Using each pulse to modify only the same stator rotor poll combination has the benefit that it allows adjustments to non-uniform pole positions, air-gap and inductance; however, this position feedback is slower by a multiple of the number of phases times the number of rotor poles. A similar methodology to the previous could be used to introduce the extra degree of freedom while still maintaining rapid feedback.

In the current embodiment, an event base control loop was utilized. Any form of control loop operating from the error between the desired inductance (or desired current rise) and the measured inductance (or measured current rise) meets the intent of the preferred embodiment.
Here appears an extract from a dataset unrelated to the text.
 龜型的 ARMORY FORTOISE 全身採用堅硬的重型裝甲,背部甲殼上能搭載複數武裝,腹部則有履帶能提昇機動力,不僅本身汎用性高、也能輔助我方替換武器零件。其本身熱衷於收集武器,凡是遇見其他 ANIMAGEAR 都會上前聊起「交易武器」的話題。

In the current embodiment, the current was pinned on the initial rising edge of the pulse; however, any point along an arbitrary waveform can be used as the pinned point.
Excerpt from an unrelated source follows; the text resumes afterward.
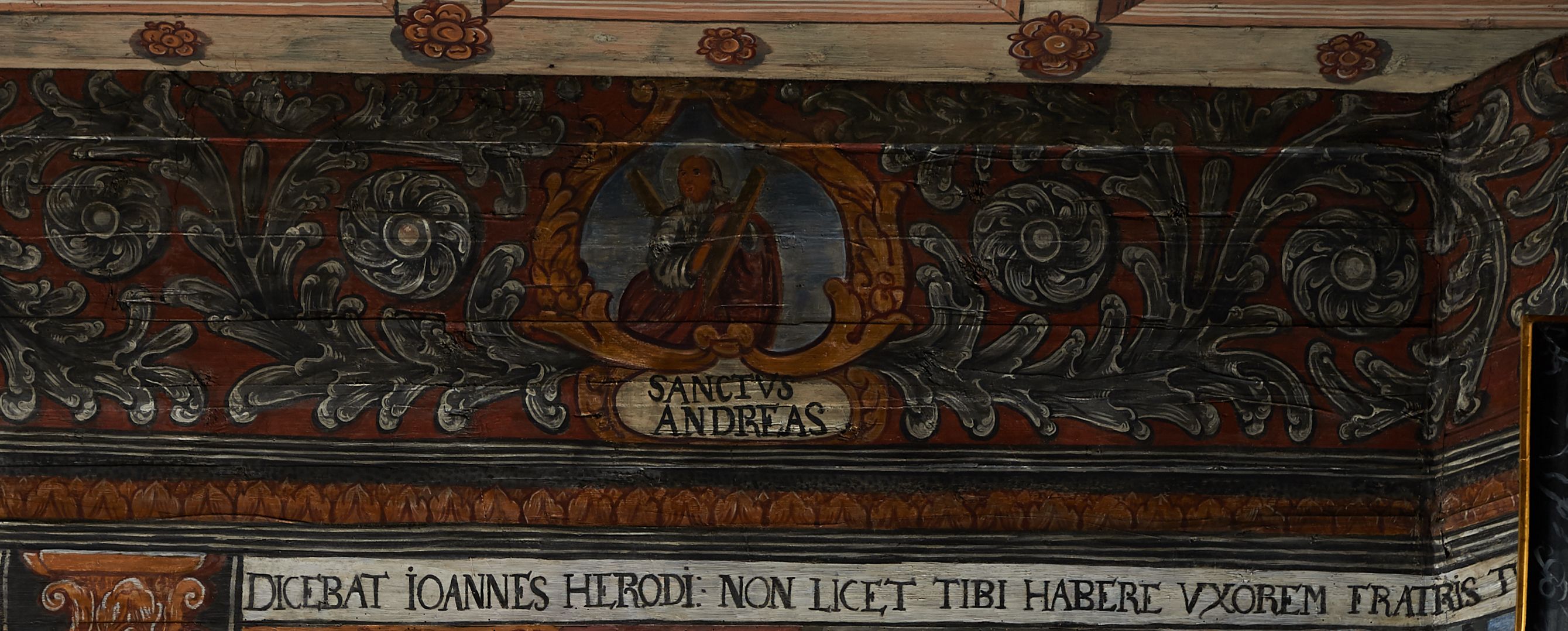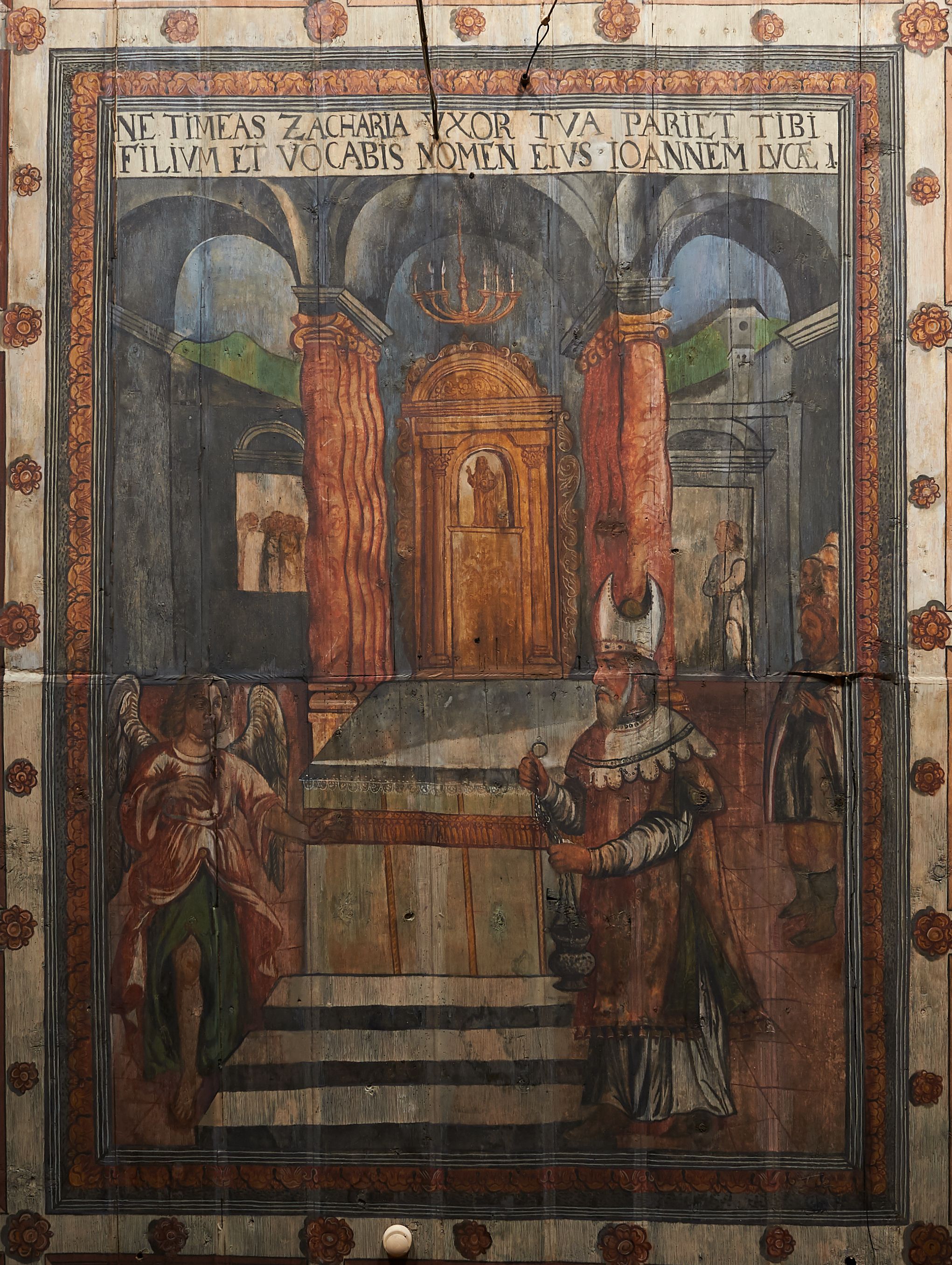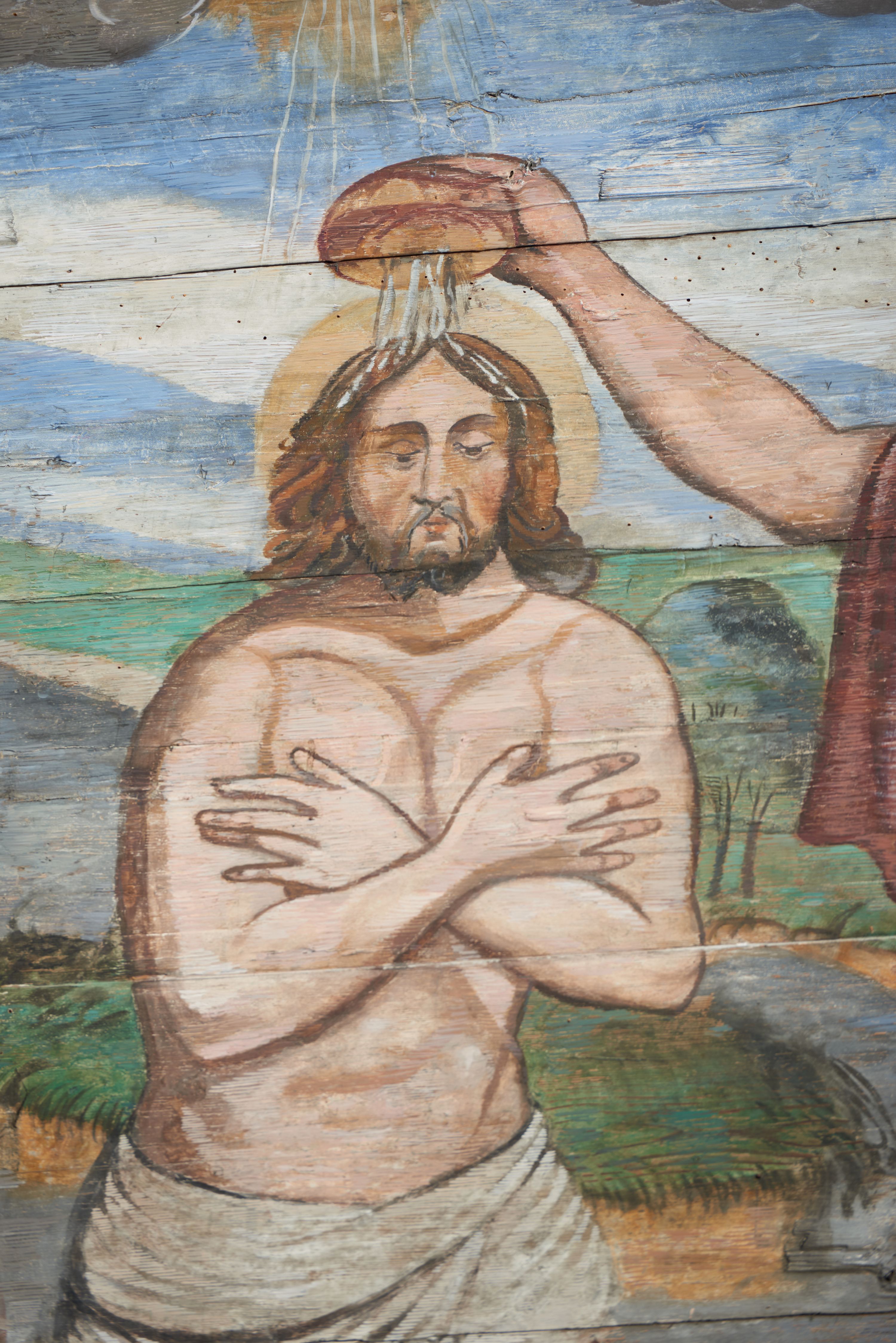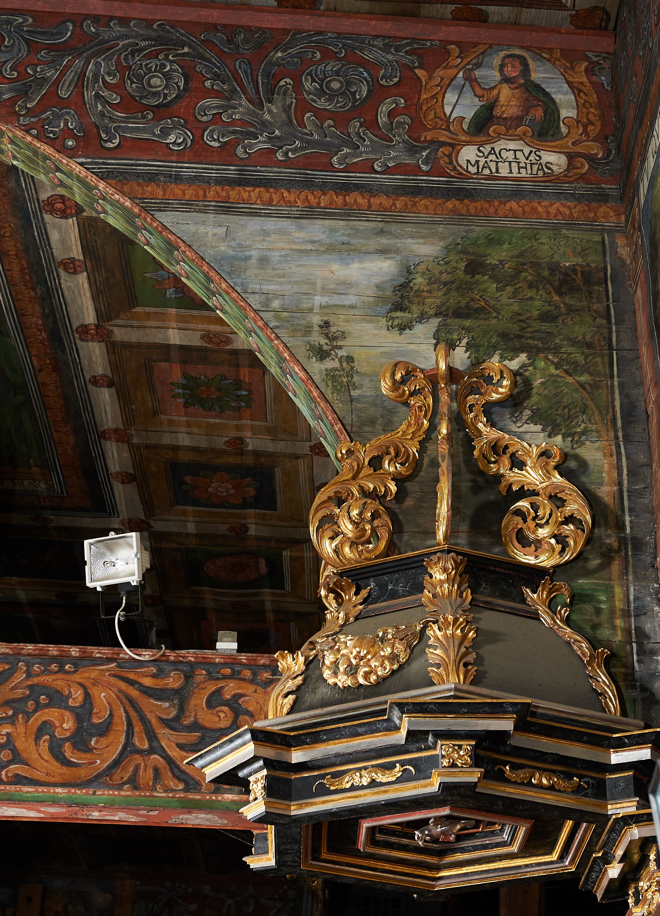 The wall polychrome of the church was created by anonymous painters in several stages. It is assumed that in the years 1656 to 1711. The most important paintings include 14 paintings depicting scenes in Saint John the Baptist's life. The second series of polychromes includes 49 images of saints and blessed people connected with the history of Christianity in Hungary: 4 kings, 2 princes next to the altar, 11 bishops and St. Gunther at the bottom of the chancel's walls, another 15 saints and blessed people (conventuals, martyrs and hermits) under the organ front in the nave on the northern wall and on choir on the western wall. There are also 16 women on the roof truss in the nave, under the ceiling. This part of the polychrome was probably made in 1711, as this date can be seen on the rood beam. The subsequent series of polychromes is the Ten Commandments, painted on the choir front. It depicts keeping or breaking the commandments. These are pictures in lives of peasants, burghers, petty nobility and manor houses in the 17th/18th centuries. Polychrome is all the more valuable as it is the first presentation of a national costume of Orava. The devil was also imagined in six scenes.

In the current embodiment, the current rise was used at the specified point on the current rise; however, at the desired waveform position, the phase could be switched off or freewheeled and the current drop/decay at that point could be used in the same manner to control position.

In the current embodiment, the output of the control loop is the desired time between pulses and when the time from the last pulse is reached, the next pulse is fired. The output of the control loop could also be tuned such that it is the desired position on a software encoder which is being updated continuously based on the speed estimations. This methodology induces further error because the software encoder is prone to drift due to error in the speed measurements but would achieve the same effect. Similarly, a hardware encoder could be used and this methodology could position the pulses relative to the hardware encoder.
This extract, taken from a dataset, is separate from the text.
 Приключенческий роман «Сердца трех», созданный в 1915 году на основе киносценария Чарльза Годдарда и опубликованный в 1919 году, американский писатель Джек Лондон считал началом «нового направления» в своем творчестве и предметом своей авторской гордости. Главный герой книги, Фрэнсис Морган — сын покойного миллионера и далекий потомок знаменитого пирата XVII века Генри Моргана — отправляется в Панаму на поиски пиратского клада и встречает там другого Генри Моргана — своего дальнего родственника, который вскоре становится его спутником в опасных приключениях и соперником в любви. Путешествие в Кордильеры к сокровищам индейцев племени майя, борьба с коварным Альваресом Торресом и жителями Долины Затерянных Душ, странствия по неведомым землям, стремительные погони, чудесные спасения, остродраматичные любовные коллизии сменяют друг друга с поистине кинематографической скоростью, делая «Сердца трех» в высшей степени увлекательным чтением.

This methodology could be extended further to allow for adjustments in the desired inductance (or desired current rise) based on speed, load, or desired optimization. These adjustments could be applied from a lookup table based on current operating point or calculated real time based on an adjustment formula.

Claim 1:
A method for controlling a switched reluctance machine, SRM, comprising the steps of:
a) providing (<NUM>) an SRM control system (<NUM>) having a commutation module (<NUM>);
b) providing (<NUM>) an initial rotor position for the SRM utilizing an initialization mechanism;
c) defining (<NUM>) a pinned point (x) on a phase current waveform during an initial current rise phase of the current waveform, said current waveform starting to rise in correspondence of an inductance rise (Θon) of a phase (A) of the SRM, wherein said pinned point (x) is defined at a point corresponding to a magnitude between <NUM>% and <NUM>% of the steady state current on the initial current rise;
d) determining (<NUM>) a slope (<NUM>) of the current rise as the current waveform reaches the pinned point (x), the slope (<NUM>) being fed to the commutation module (<NUM>);
e) calculating (<NUM>) an error signal and providing the error signal as an input to a control loop (<NUM>) in the SRM control system (<NUM>), wherein, in one configuration, said slope (<NUM>) of the current rise is utilized to calculate an underlying inductance value of the SRM which is used to calculate the error signal from a desired inductance, and wherein, in another configuration, the SRM control system (<NUM>) is designed to utilize the measured current rise over a fixed time period to calculate said error signal from a desired current rise;
f) determining (<NUM>) an optimum time (<NUM>) to fire a next pulse;
whereby the SRM control system (<NUM>) enables adaptive pulse positioning over a wide range of speeds and loads.